Shabbat Hukkat: Stop Making Sense

What are we to do when life is confusing, frightening, and distressing? For Jews and those who follow the Jewish spiritual path with us, there is only one answer: Torah. Immerse yourself in the ancient wellsprings that sustained our ancestors, you will find that they hold you up too.

This week in parashat Hukkat our ancestors search desperately for water, that which we must have to sustain our lives. The lack of life-giving water drives them to violence and despair – much as the lack of life-giving learning throttles our own need to understand our lives, and to thrive.

Torah is compared to water, and the word in Hebrew for well – באר be’er – also means to explain, or interpret, Torah. Like the living waters of a well connected to a subterranean spring, many layers of Torah exist beneath the surface. In the same way, the ancient words of prayer and meditation are ever-flowing springs of nurturance for us when we return to them seeking life.

On this Shabbat, after an exhausting week, I offer you the meta-message of Torah in hopes that it will help you find strength to continue to see hope, joy and meaning: love the other as you would be loved. Love is more powerful than any other force in the universe. As inexplicable as it is necessary, in the hand offered to another or the random act of kindness gifted a stranger, we must love.

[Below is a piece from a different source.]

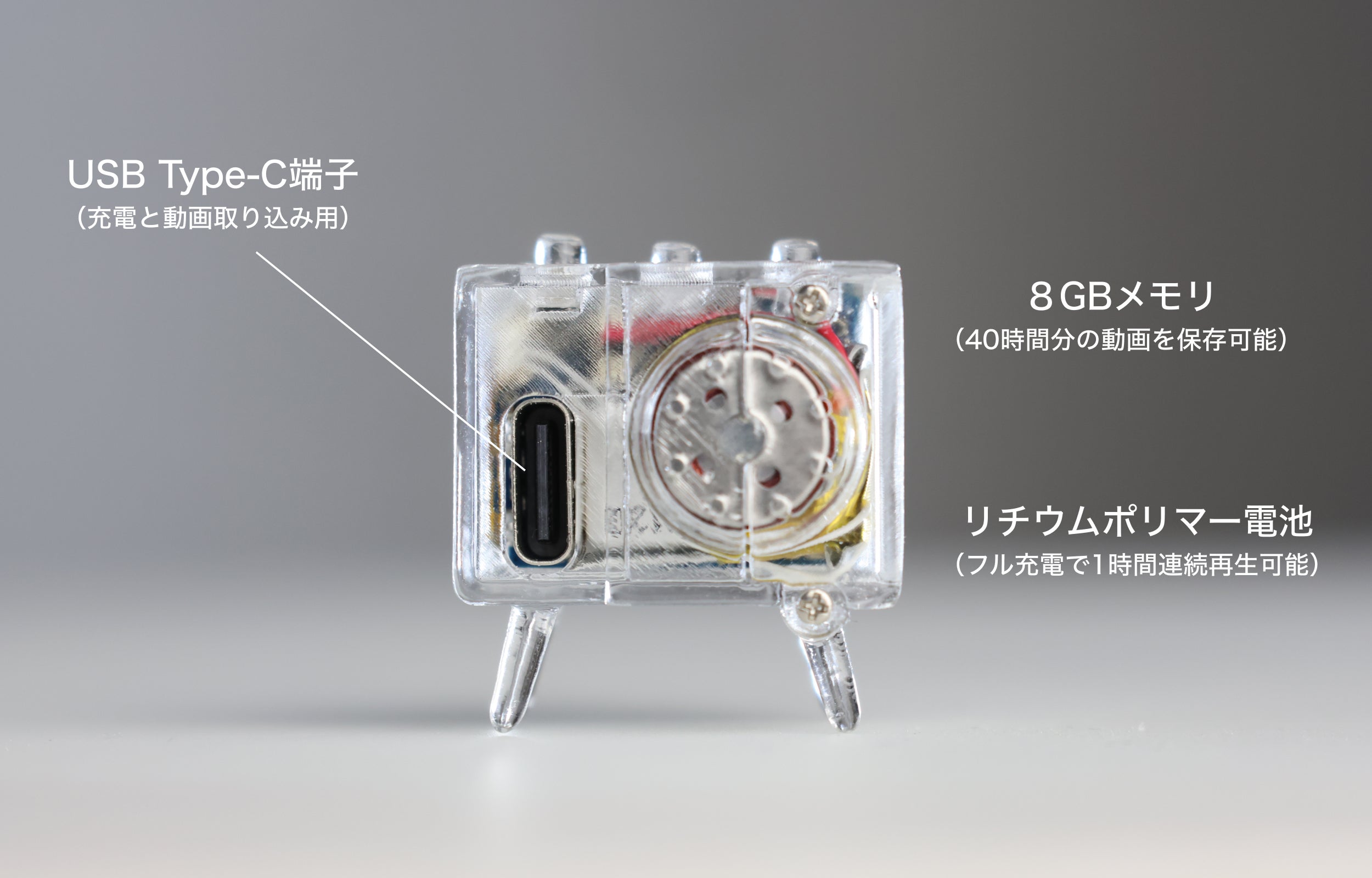 ストレージ: 8GB内蔵、約40時間分の動画が保存可能

Spring up, O love, sing to it!
the well which our ancestors dug
which the leaders of our people started
with Torah, with that which supports life

A gift for you: a poem interpreted – doused with the meaning-giving lifewaters of the  be’er – out of our familiar, beloved first paragraph of the Shema: another world is possible.


_________________

V’ahavta

Say these words when you lie down and when you rise up,
when you go out and when you return. In times of mourning
and in times of joy. Inscribe them on your doorposts,
embroider them on your garments, tattoo them on your shoulders,
teach them to your children, your neighbors, your enemies,
recite them in your sleep, here in the cruel shadow of empire:

Another world is possible.

Thus spoke the prophet Roque Dalton:
All together they have more death than we,
but all together, we have more life than they.

There is more bloody death in their hands
than we could ever wield, unless
we lay down our souls to become them,
and then we will lose everything. So instead,
imagine winning. This is your sacred task.

This is your power. Imagine
every detail of winning, the exact smell of the summer streets
in which no one has been shot, the muscles you have never
unclenched from worry, gone soft as newborn skin,
the sparkling taste of food when we know
that no one on earth is hungry, that the beggars are fed,
that the old man under the bridge and the woman
wrapping herself in thin sheets in the back seat of a car,
and the children who suck on stones,
nest under a flock of roofs that keep multiplying their shelter.
Lean with all your being towards that day
when the poor of the world shake down a rain of good fortune
out of the heavy clouds, and justice rolls down like waters.

Defend the world in which we win as if it were your child.
It is your child.
Defend it as if it were your lover.
It is your lover.

When you inhale and when you exhale
breathe the possibility of another world
into the 37.2 trillion cells of your body
until it shines with hope.
Then imagine more. 

Imagine rape is unimaginable. Imagine war is a scarcely credible rumor.
That the crimes of our age, the grotesque inhumanities of greed,
the sheer and astounding shamelessness of it, the vast fortunes
made by stealing lives, the horrible normalcy it came to have,
is unimaginable to our heirs, the generations of the free.

Don’t waver. Don’t let despair sink its sharp teeth
into the throat with which you sing. Escalate your dreams.
Make them burn so fiercely that you can follow them down
any dark alleyway of history and not lose your way.
Make them burn clear as a starry drinking gourd
over the grim fog of exhaustion, and keep walking.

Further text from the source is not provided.